By Daniel Greenwood
In the midst of a heatwave, it’s easy to forget the deluges that characterised June 2016. A month that is intended to be sunny and warm instead was a time of unsettling damp for our wildlife. On the night of the 22nd June, 40mm of rain fell. A month’s worth of precipitation in one hour. The next morning Sydenham Hill Wood was flooded like no other summer month that I can recall. Our base around the Crescent Wood tunnel could only be waded through at ankle-height. Still, our volunteers arrived to repair the damaged paths, barrowing gravel up and down the steps to seal up holes and cavities wrought by the rain. ‘This is more like winter work,’ we all said, and it was. The mud that usually disappears in summer was back, and it stayed for weeks.
Before the rains of June, London Wildlife Trust worked in partnership with the Dulwich Festival and the Dulwich Outdoor Gallery to hold a wildlife painting event led by outdoor artist Louis Masai. The Crescent Wood Tunnel has endured a chequered history of late. In 2014 we suffered mindless arson attacks on our timber stores and subsequent silver sheeting installed by Southwark Council has been daubed in graffiti. Thanks to the Dulwich Festival with vital support from Dulwich Going Greener, Louis Masai has painted a wonderful image of two brown long-eared bats flying between decaying silver birch trees in reference to Adam Paynacker’s Landscape with sportsmen and game (1665). The painting is in the Dulwich Picture Gallery and Louis Masai’s bats are the latest addition to the burgeoning Dulwich Outdoor Gallery. It is to our sheer delight that children and adults alike can arrive at the tunnel and instead find an illustration of the amazing creatures that live in secrecy in the woods.

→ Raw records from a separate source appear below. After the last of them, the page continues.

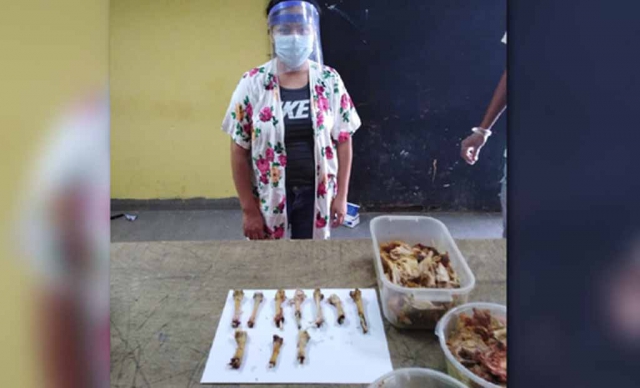 ERP. Personal de seguridad del Establecimiento Penitenciario de Piura intervino a la fémina Rosita Luz Tecco Rivas (28) identificada con DNI 47981139, cuando pretendía ingresar en un taper de comida huesos de patas de pollo con 7 bolsitas plásticas transparentes con una sustancia ilícita pastosa y parduzca aparentemente pasta básica de cocaína.
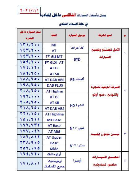 وأكدت المبادرة، أنه تم البدء رسمياً في تسليم السيارات الجديدة موديل 2022 من الشركات المشاركة في المبادرة مع تطبيق الأسعار الجديدة للسيارات موديل 2022 على إجمالي مبلغ التقسيط شامل سعر السيارة وقيمة وثائق التأمين.
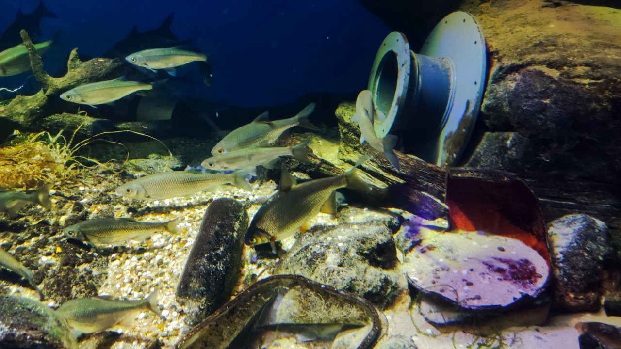 Аквариумная экспозиция с пресноводными рыбами и техногенными объектами
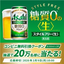 2026年2月9日(月)10時までのキャンペーン期間内に、特設ページにアクセスをした上で応募ボタンからアンケートに回答して動画を視聴して応募をすると、その場で抽選で合計200,000名に『アサヒスタイルフリー<生> 350ml缶 コンビニ無料引換券』が当たる、プレゼントキャンペーンとなっています。
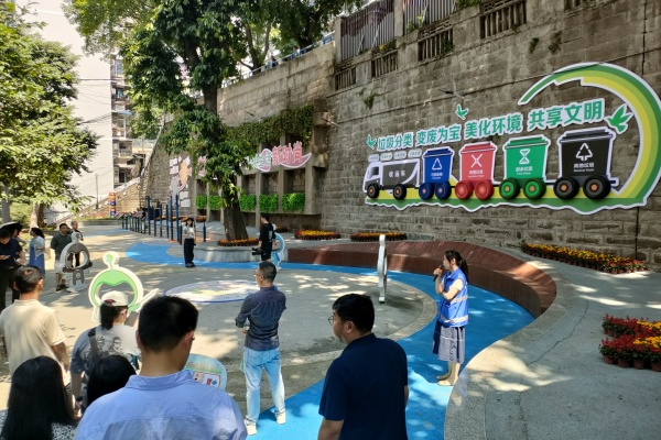 在實地觀摩中,華一坡垃圾分類宣教主題游園吸引了大家的關(guān)注。該公園集知識展示、游戲互動和創(chuàng)意工坊等功能于一體,通過開展“垃圾分類·與您童行”專項整治系列活動、校園趣味游園等實踐活動,以及“垃圾分類-小手拉大手”等主題宣傳活動,帶動1.3萬戶家庭參與。

The impact of the rain hardly registered on many of our lives but for our wildlife it has hit some species hard. Whereas brambles drank in the rainwater and raced across the footpaths, only halted by the blades of our volunteers’ loppers, butterflies were uncommon. Early suggestions from Butterfly Conservation are that 2016 could be the worst year on record for butterflies. For those of us who have undertaken weekly surveys in the past 5 years, 2012 stands out as a nadir for British butterflies. In 2013, however, they bounced back. Nature’s ability to respond is great and we should not let inclement weather dampen our spirits for too long. Late July has shown a surprising boost, with a new record for Sydenham Hill Wood in the form of a marbled white. This butterfly is common on our chalk grassland reserves in Croydon and Bromley, but to find it in the Dulwich Woods is unusual. It has locally been seen at Devonshire Road Nature Reserve and 52 were counted at Brockley and Ladywell Cemetery on 9th July. Further to this, our butterfly walk on Sunday 24th July resulted in another unusual record, a brown argus in the main glade. This relative of the holly blue is rarely seen in Dulwich.